The UK Bio ID Card has no card readers installed anywhere... after ~7Billion USD spend and issuing cards.
The press are just begining to pick up on this little story.
There's a reasonable write up at,
I predict analyses like this one will have less affect in times to come because we're getting used to discussions which include the value ``trillion'', and we adjust spending bills by multiple billions of dollars. ``A million here, a million there'' no longer amounts to ``real money.'' Who cares about the TSA's no-fly list?
@Anonymous at February 4, 2009 12:16: ``I suppose that's one definition of freedom.''
And neither original nor new. I commend to you one Mr. Jefferson:
``The tree of liberty must be refreshed from time to time with the blood of patriots and tyrants.''
I have a question for all of you bitching about the cost. How much is you mother's or father's or your child's life worth to you? Even the smallest chance of ending the threat is worth it to me.
The No fly list is ridiculous. My wife is on the no fly list because of her surname. My wife is as much a terrorist as I am bill gates. They waste our money on things that don't work. The thing that you have to remember is that it doesn't prevent crap. If a terrorist wanted to get on a plane I would think they would no about a no fly list and get a fake ID. More buracucracy at work and more money beeing spent on another frivilous trivial pursuit.

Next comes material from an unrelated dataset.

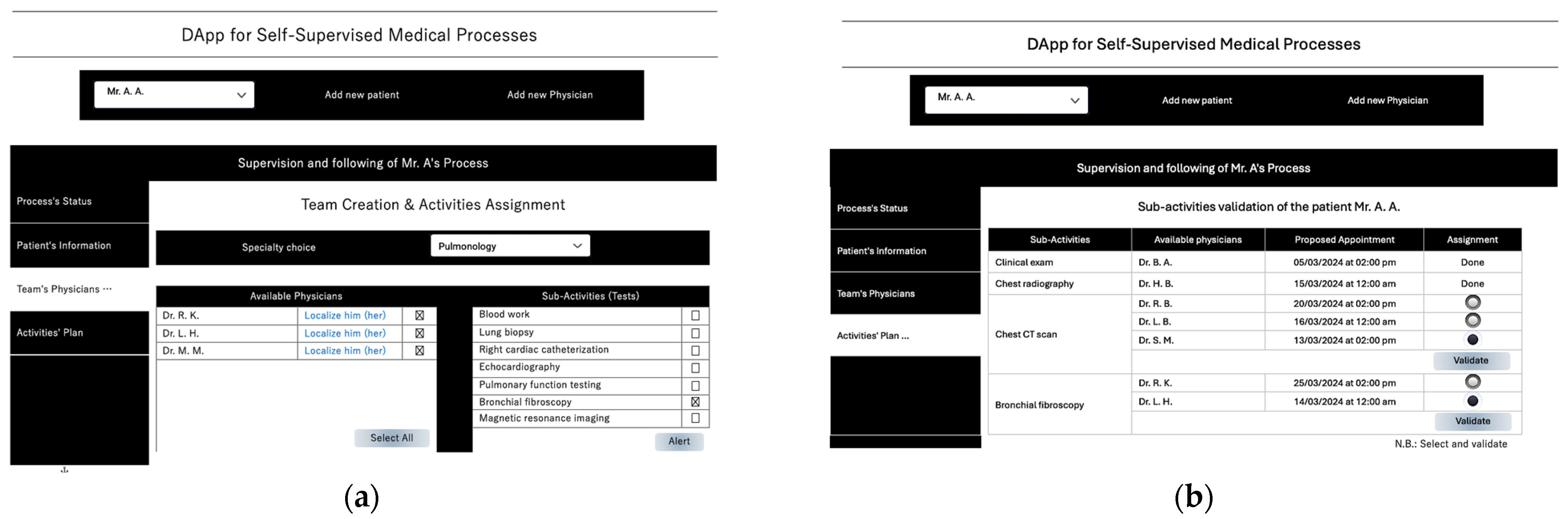 Figure 9a, the interface allows the doctor to select, for each required specialty, available physicians based on their geographical localization and professional profiles. In the next step, the attending physician specifies the medical tests or sub-activities to be performed and sends invitations (alerts) to the selected specialists. Each sub-activity displays a list of available physicians, along with their proposed appointment time. The attending physician then selects the most suitable specialist, considering time, location, and estimated cost. By clicking the “validate” button, a RequestToken is automatically generated and transmitted to the selected physician, granting them authorized access to the attending doctor’s request through the smart contract. Upon receiving all required confirmations, the medical team composition is finalized, marking the completion of the CDA’s workflow.

Maybe if all those people are on the no fly list they should research the people that are on there and get it over with.
I actually was able to get on the TSA database and delete my name off the no-fly list!
Anyone who wants to post a response, is it fraud to fly after taking myself off the no-fly list?
Yes in fact it it is fraud because it should be called a "may not fly list"!
I understand at airports they're supposed to have traffic light types of registery, green means you may board, yellow means caution extra screening, and red means no-fly list:(
I haven't been on a plane in 20 years. I actually hate flying, so I could care less about the not flying part, having been on dozens of planes and helicopters when I was younger. I'm also one with a record (nothing violent), and with bad credit. Combine that with the fact that I am rather outspoken online, especially in criticizing the right, I'm sure whenever I do eventually go to travel, it will be an interesting experience. If I get stopped, I suppose I will have to deal with it then. Hopefully this administration will do something about it. The thing that amazes me is that none of these rules would have stopped the 9-11 attacks. From what I understand those terrorists were here legally and followed all the proper procedures to fly, so if you can't prevent them, how is targeting American citizens going to help? And the idea that anyone who exercises their First Amendment voice is a potential terrorist ready to attack their own government is disgusting.